Аннотация: Сергей рисковал меньше, но и ему не сносить бы головы при обломе. Меня же в случае влета живьем бы поджарили...
КОСИЛ ЯСЬ
1994 год. Глубокая осень. Прожектора крадутся по бетонным скалам недостроенного аэропорта "Минск -- 2". Слева от забытого людьми и Богом сооружения притаилась громадная желтая черепаха -- ангар-склад, переоборудованный под зал ожидания, секторы прилета и отлета, милицию, таможню, билетные кассы, багажную секцию, бар, туалеты и прочее. За черепахой -- летное поле. На нем танцуем мы, эмиратчики. Ждем, дрожим, синеем. 00.17 по Гринвичу (шучу), 00.30. Пронизывающий холод, сбивающий с ног ветер (уже не до шуток), слепящие хлопья снега. Не Минск, а север Аляски (а что, и там бывали!). Ждем.
Наконец из пурги-тумана выплывает бело-серебристый от изморози призрак -- "Икарус". Прыгаем, спотыкаемся, валимся. Смех -- уже хорошо. Подъезжаем к родимому "ТУ-134". Взбегаем-рассаживаемся со скоростью звука. Радуемся первой успокаивающей ласточке: "Пассажиры, пристегните ремни, пожалуйста". Теплеет.

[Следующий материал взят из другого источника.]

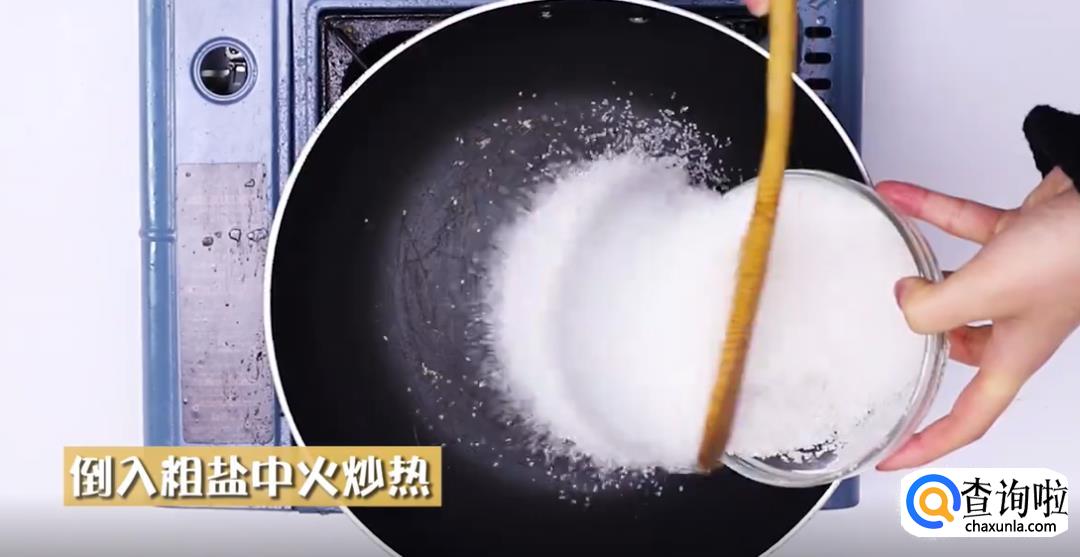 将准备好的粗盐倒进锅里,开火炒热。

Разгоняемся. Взлетаем. Мы -- в небесах! Теперь им нас не достать! Ура! Свобода! Нал-ливай!
-- Э, деловые, у кого моя "капуста"? -- вспархивают с нескольких мест беспокойные голоса.
-- Топайте сюда, ребятки, -- вальяжно бросает Юрик Сачкин по прозвищу Банкир из хвоста самолета. -- И стаканчик дядьке не забудьте наполнить, -- распечатывает, улыбаясь, пачку Davidoff.
*
-- Касi? Ясь канюшыну!Касi? Ясь канюшыну! -- не пел -- орал я спустя час после взлета.
-- Ка-асi? Ясь канюшыну, пагляда? на дзя?чыну! -- перебивал мои вопли, подпрыгивая у иллюминатора, Сергей Астровец. Словно заправский дирижер, махал-помогал себе руками. В немалой степени он им и был. План, куда и за чем крутнуться, при этом не остаться в дураках и не быть подвешенным за ноги вследствие нерентабельного использования чужих финансов, зрел и вызрел в его светлой голове.
Таможня! Атас! Мы прошли таможню! Прорвались! Продрались! Пробились! Наливай!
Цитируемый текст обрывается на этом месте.